The risks — from the core data, to the management of data, to the nature of the output of the generative AI — will simply keep multiplying. Some companies have created new positions for chief customer protection officers, whose role is to stay ahead of potential risk scenarios, but more importantly, to build safeguards into how product managers are developing and managing the systems. Risk committees on corporate boards are already bringing in new experts and expanding their purviews, but more action has to happen pre-emptively. Testing data pools for bias, understanding where data came from and its copyright/accuracy/privacy risks, managing explicit customer permissions, limiting where information can go, and constantly testing the application for edge cases where customers could push it to extremes, are all critical processes to build into one’s core product management discipline, and into the questions that top management routinely has to ask. Boards will expect to see dashboards on these kinds of activities, and other external watchdogs, including lawyers representing legal challenges, will demand them as well.
Is it worth it? The risks will constantly multiply, and the costs of creating structures to manage those risks will be real. We’ve only begun to figure out how to manage bias, accuracy, copyright, privacy, and manipulated ranking risks at scale. The opacity of the systems often makes it impossible to explain how an outcome happened if some kind of audit is necessary.

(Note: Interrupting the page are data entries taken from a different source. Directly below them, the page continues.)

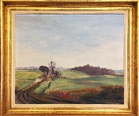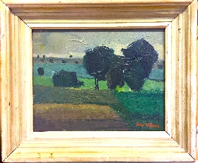 " Utsikt Svedala-Nygård 1949 " Olja på pannå av Emil Johanson-Thor. Sign. 54x65 cm. Betitlad och daterad a tergo.
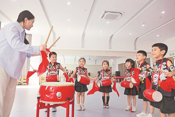 7月21日,“小候鸟”在浙江省湖州市德清县乾元镇恒星幼儿园练习打腰鼓,感受传统文化的魅力。
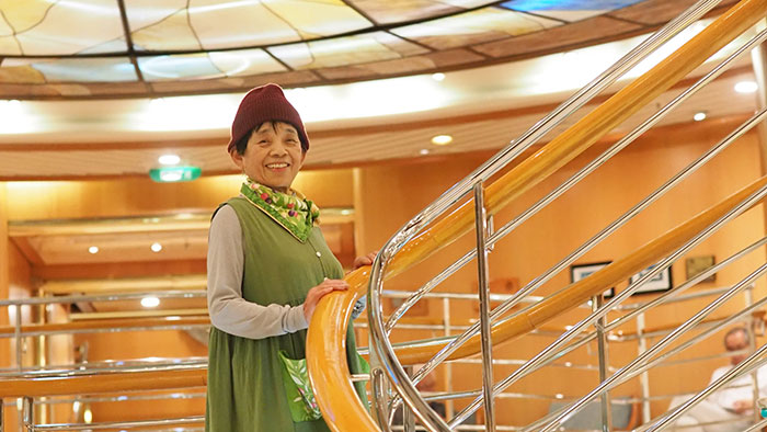 昨年主人を病気で亡くし、その後はやっぱり寂しさが出てきてずっと涙ぐむような日々でした。そんなときに新聞でピースボートクルーズの広告を目にしました。実は40年ほど前に、小さな駅でよくポスターを見ており、「どんな旅だろう、いつか行きたいな」と思いをめぐらせていました。ただ、3か月となると仕事も休めないなと当時は考えていたので、今回広告を見たとき思い切って電話をしてみました。そうしたら名古屋で説明会があると聞いたので、行ってみたんです。説明会では最初は北欧航路に惹かれましたが、いろいろなタイミングを考慮して今回のクルーズに申し込むことを決めました。
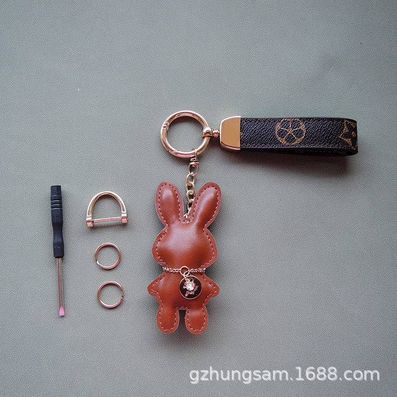 deep coffee rabbit + fur ball + carrying strap sets
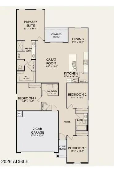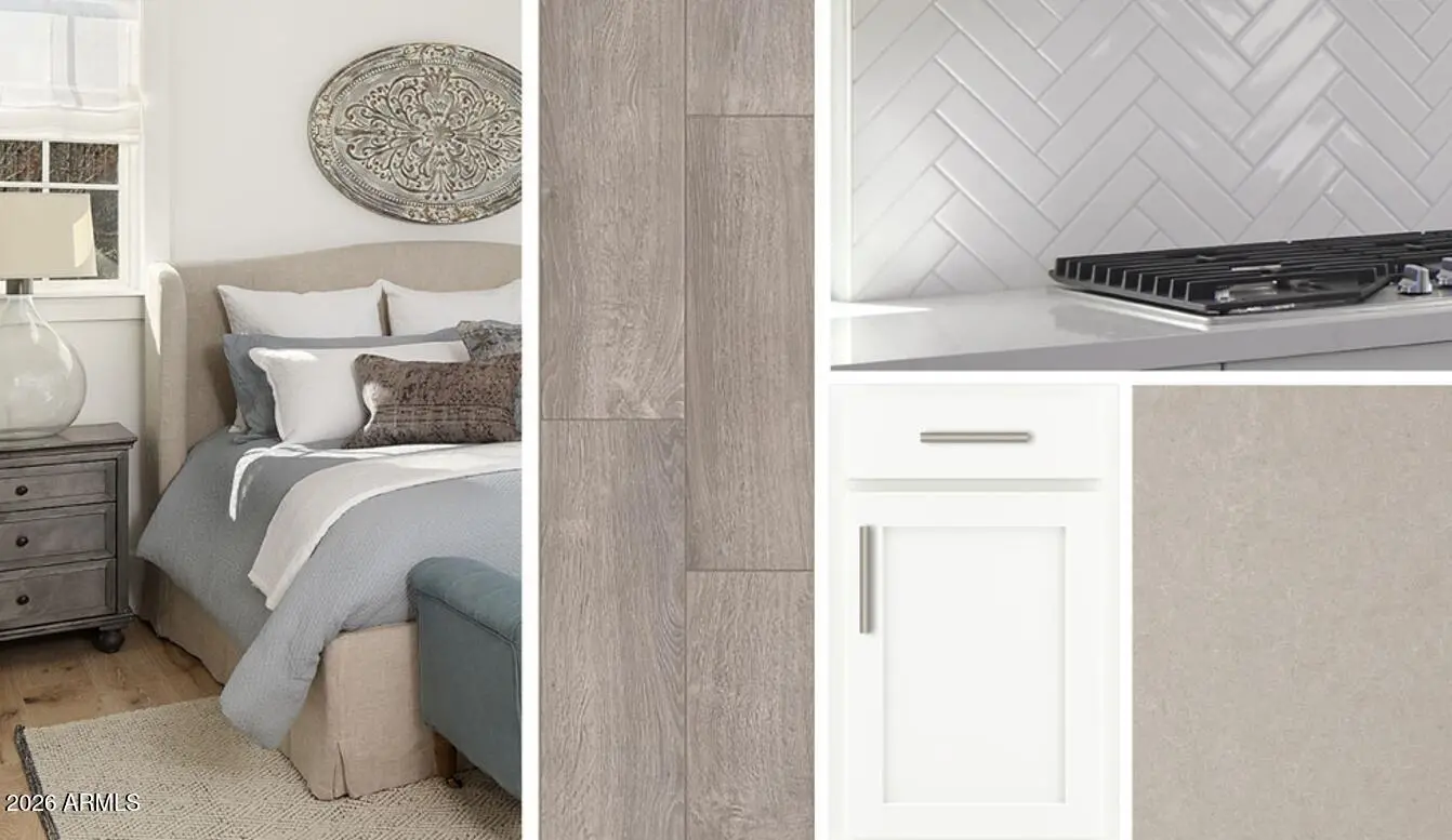 Welcome to the Iris floorplan at Alba in Amarillo Creek, Maricopa. This Spanish-style home offers 1,797 sq ft with 4 bedrooms, 2 bathrooms, and a 2-car garage on a premium lot. The open-concept kitchen, dining, and great room connect to a covered patio with sliding glass door. Two front bedrooms share a bath, while the spacious primary suite features dual sinks, walk-in shower with glass, water closet, linen and walk-in closets. Finishes include the Timeless Collection, wood-look tile flooring, quartz countertops, stainless steel GE gas appliances with fridge, washer/dryer, faux wood blinds, and garage door opener--move-in ready.

But nonetheless, the capabilities of generative AI are not only available, they are the fastest growing class of applications ever. The accuracy will improve as the pool of tapped data increases, and as parallel AI systems as well as “humans in the loop” work to find and remedy those nasty “hallucinations.”.
The potential for simplicity, personalization, and democratization of access to new and existing applications will pull in not only hundreds of start-ups, but will also tempt many established brands into creating new AI-forward offerings. If they can do more than just amuse, and actually take a customer through more of the requirements of their journey than ever before, and do so in a way that inspires trust, brands could open up new sources of revenue from the services they can enable beyond their currently narrow borders. For the right use cases, speed and personalization could possibly be worth a price premium. But more likely, the automation abilities of AI will pull costs out of the overall system and put pressure on all participants to manage efficiently, and compete accordingly.